(MATERIAL SUPPLIED begins)

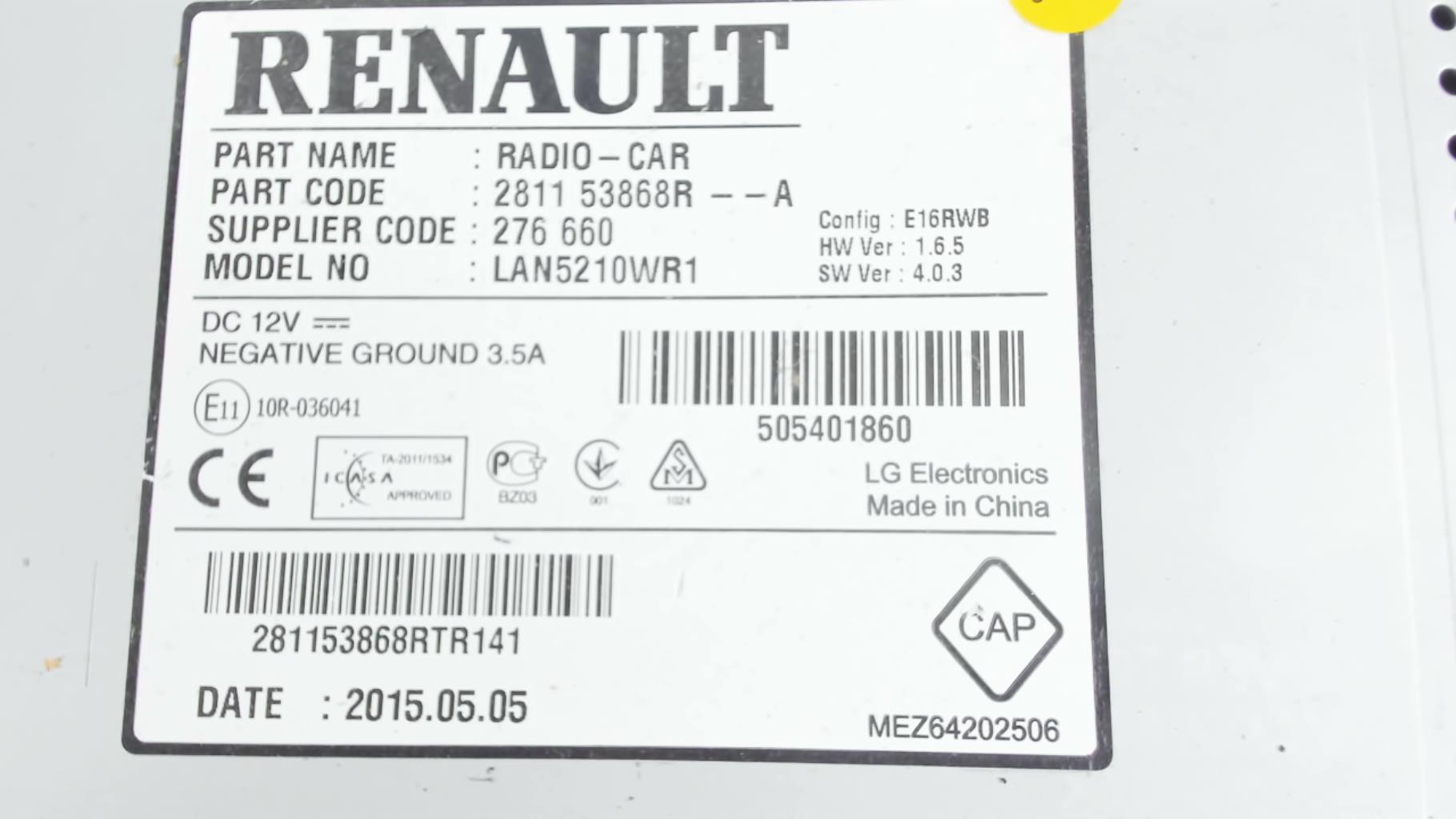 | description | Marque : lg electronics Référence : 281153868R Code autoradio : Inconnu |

(MATERIAL SUPPLIED ends)
(MATERIAL SUPPLIED begins)

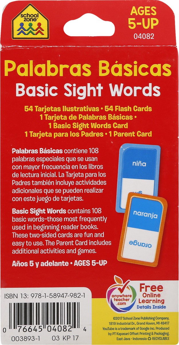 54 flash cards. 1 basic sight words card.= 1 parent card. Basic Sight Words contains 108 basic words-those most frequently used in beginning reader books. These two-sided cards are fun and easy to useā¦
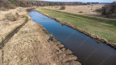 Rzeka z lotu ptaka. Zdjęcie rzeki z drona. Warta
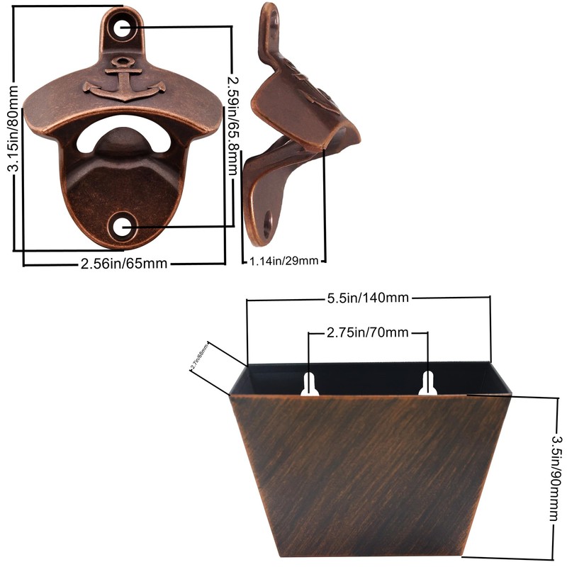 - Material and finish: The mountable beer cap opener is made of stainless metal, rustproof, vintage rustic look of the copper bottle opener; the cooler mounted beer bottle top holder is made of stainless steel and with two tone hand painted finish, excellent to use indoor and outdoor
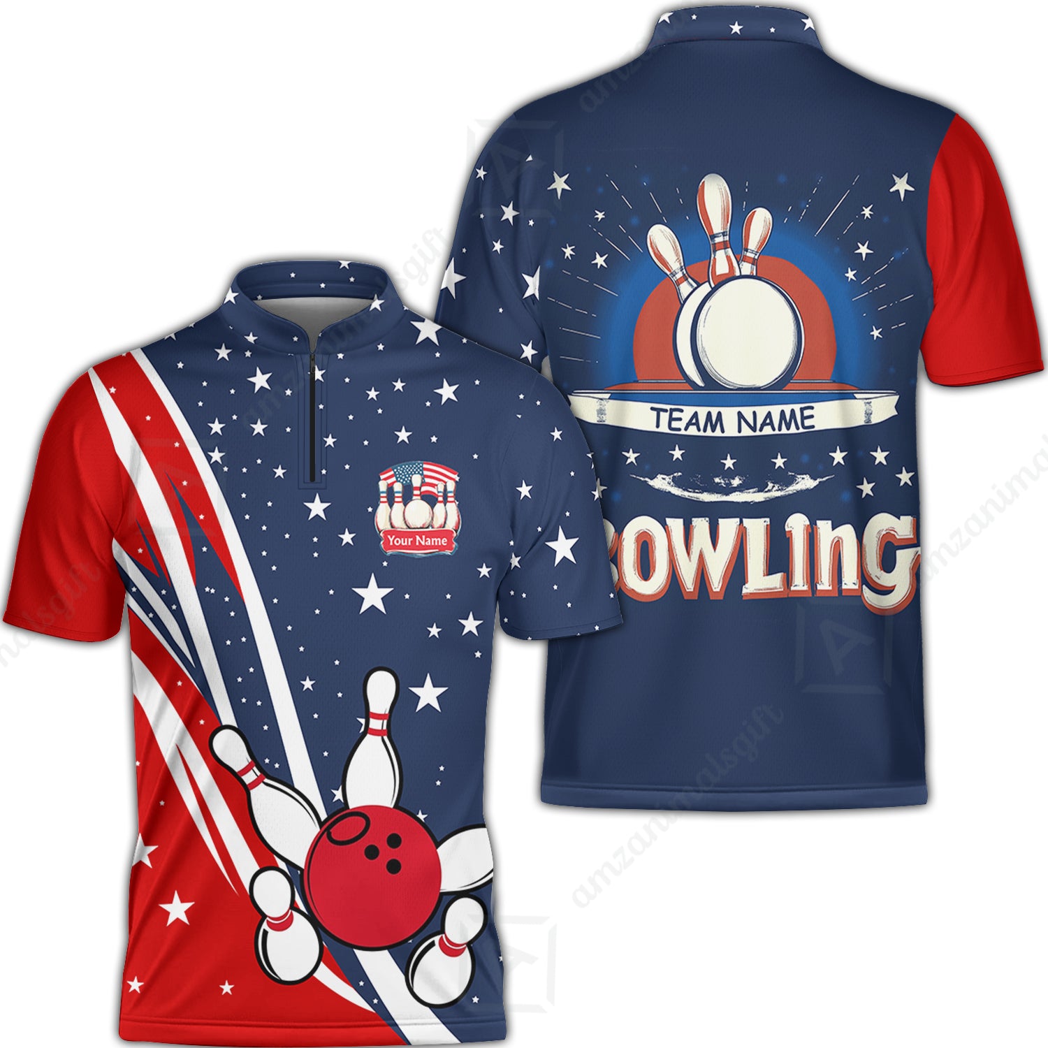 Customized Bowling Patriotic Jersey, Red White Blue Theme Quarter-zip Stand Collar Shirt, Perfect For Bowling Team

(MATERIAL SUPPLIED ends)
(MATERIAL SUPPLIED begins)

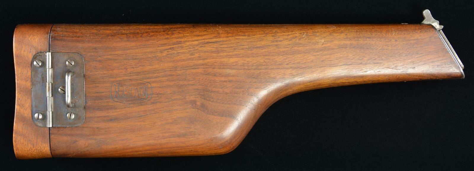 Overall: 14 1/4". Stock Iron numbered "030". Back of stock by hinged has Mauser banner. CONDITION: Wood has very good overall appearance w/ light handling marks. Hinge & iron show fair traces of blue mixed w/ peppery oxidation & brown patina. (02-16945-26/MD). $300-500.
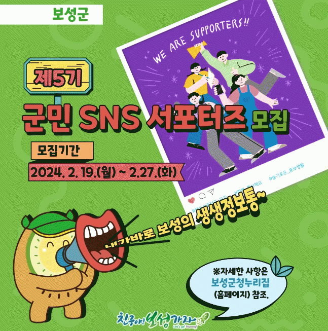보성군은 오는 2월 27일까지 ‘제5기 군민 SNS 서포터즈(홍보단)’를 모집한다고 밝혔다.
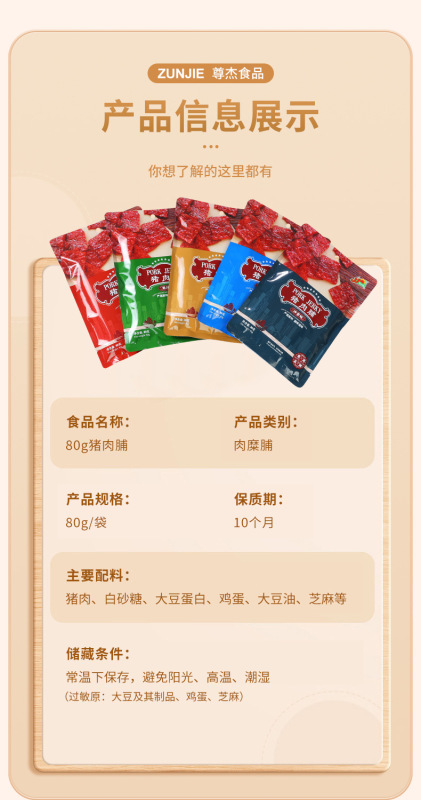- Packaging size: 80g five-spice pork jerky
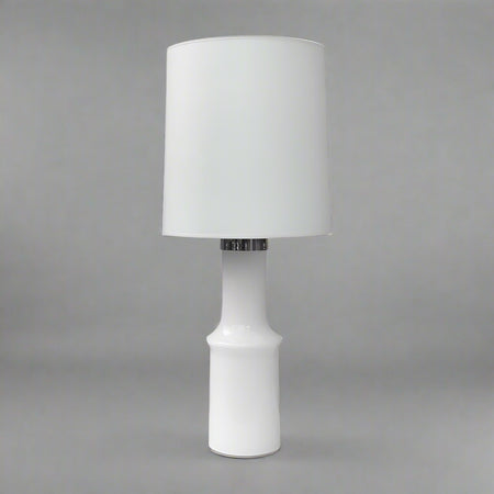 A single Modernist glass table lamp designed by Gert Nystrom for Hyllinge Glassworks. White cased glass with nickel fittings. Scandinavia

(MATERIAL SUPPLIED ends)

When copying from the data above, print only the lines from the line containing "54 flash cards." to the line containing "Customized Bowling Patriotic", exactly, and leave the pictures out.

 54 flash cards. 1 basic sight words card.= 1 parent card. Basic Sight Words contains 108 basic words-those most frequently used in beginning reader books. These two-sided cards are fun and easy to useā¦
 Rzeka z lotu ptaka. Zdjęcie rzeki z drona. Warta
 - Material and finish: The mountable beer cap opener is made of stainless metal, rustproof, vintage rustic look of the copper bottle opener; the cooler mounted beer bottle top holder is made of stainless steel and with two tone hand painted finish, excellent to use indoor and outdoor
 Customized Bowling Patriotic Jersey, Red White Blue Theme Quarter-zip Stand Collar Shirt, Perfect For Bowling Team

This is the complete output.